DIRECTIONS FOR THIS TASK> From the listing below, set down exactly the lines between the one holding "Używany zespół sprężarkowy" and the one holding "Get goofy and", inclusive. No other line is wanted.

*** SOURCE RECORDS ***

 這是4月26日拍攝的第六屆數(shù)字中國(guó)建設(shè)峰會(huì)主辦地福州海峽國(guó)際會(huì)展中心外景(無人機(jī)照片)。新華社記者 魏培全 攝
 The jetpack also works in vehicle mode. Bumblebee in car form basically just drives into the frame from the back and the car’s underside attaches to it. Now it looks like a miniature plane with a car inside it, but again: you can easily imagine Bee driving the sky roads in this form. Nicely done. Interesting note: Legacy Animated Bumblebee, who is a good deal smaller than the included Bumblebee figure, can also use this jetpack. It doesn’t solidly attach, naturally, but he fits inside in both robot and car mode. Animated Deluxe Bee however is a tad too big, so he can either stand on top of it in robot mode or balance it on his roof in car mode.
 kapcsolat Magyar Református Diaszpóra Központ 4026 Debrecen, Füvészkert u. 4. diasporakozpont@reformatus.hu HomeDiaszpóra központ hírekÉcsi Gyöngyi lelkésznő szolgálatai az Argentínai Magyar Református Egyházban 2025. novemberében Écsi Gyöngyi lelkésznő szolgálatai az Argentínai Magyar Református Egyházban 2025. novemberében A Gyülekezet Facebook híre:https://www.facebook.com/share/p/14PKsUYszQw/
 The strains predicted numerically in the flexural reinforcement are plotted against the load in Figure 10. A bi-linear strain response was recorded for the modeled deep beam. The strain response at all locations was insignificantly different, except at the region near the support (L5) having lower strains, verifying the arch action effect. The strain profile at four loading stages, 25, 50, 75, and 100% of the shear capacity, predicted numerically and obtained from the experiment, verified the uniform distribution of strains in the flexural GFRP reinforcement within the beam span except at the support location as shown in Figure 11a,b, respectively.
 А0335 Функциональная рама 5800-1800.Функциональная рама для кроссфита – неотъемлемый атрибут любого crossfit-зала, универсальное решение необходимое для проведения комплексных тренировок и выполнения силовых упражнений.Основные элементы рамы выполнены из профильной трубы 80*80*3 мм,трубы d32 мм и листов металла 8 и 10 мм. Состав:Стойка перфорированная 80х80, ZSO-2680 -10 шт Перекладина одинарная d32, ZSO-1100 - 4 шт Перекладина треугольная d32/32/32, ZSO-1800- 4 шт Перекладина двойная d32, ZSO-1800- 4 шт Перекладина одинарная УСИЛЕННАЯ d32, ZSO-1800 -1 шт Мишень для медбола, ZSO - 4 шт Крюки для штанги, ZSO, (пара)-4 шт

***
*** SOURCE RECORDS ***

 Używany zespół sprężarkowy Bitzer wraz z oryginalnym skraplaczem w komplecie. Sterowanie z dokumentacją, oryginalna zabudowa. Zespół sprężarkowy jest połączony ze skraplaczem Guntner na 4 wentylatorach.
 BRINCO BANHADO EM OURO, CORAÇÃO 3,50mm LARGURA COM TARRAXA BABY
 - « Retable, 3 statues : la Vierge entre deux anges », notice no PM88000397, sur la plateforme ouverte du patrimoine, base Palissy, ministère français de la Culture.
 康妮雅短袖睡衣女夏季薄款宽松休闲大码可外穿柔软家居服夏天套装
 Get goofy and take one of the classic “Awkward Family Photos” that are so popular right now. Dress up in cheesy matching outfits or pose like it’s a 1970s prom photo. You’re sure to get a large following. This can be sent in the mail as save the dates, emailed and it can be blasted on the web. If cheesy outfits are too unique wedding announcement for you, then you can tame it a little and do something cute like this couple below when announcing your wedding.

***

TASK RESULT>
 Używany zespół sprężarkowy Bitzer wraz z oryginalnym skraplaczem w komplecie. Sterowanie z dokumentacją, oryginalna zabudowa. Zespół sprężarkowy jest połączony ze skraplaczem Guntner na 4 wentylatorach.
 BRINCO BANHADO EM OURO, CORAÇÃO 3,50mm LARGURA COM TARRAXA BABY
 - « Retable, 3 statues : la Vierge entre deux anges », notice no PM88000397, sur la plateforme ouverte du patrimoine, base Palissy, ministère français de la Culture.
 康妮雅短袖睡衣女夏季薄款宽松休闲大码可外穿柔软家居服夏天套装
 Get goofy and take one of the classic “Awkward Family Photos” that are so popular right now. Dress up in cheesy matching outfits or pose like it’s a 1970s prom photo. You’re sure to get a large following. This can be sent in the mail as save the dates, emailed and it can be blasted on the web. If cheesy outfits are too unique wedding announcement for you, then you can tame it a little and do something cute like this couple below when announcing your wedding.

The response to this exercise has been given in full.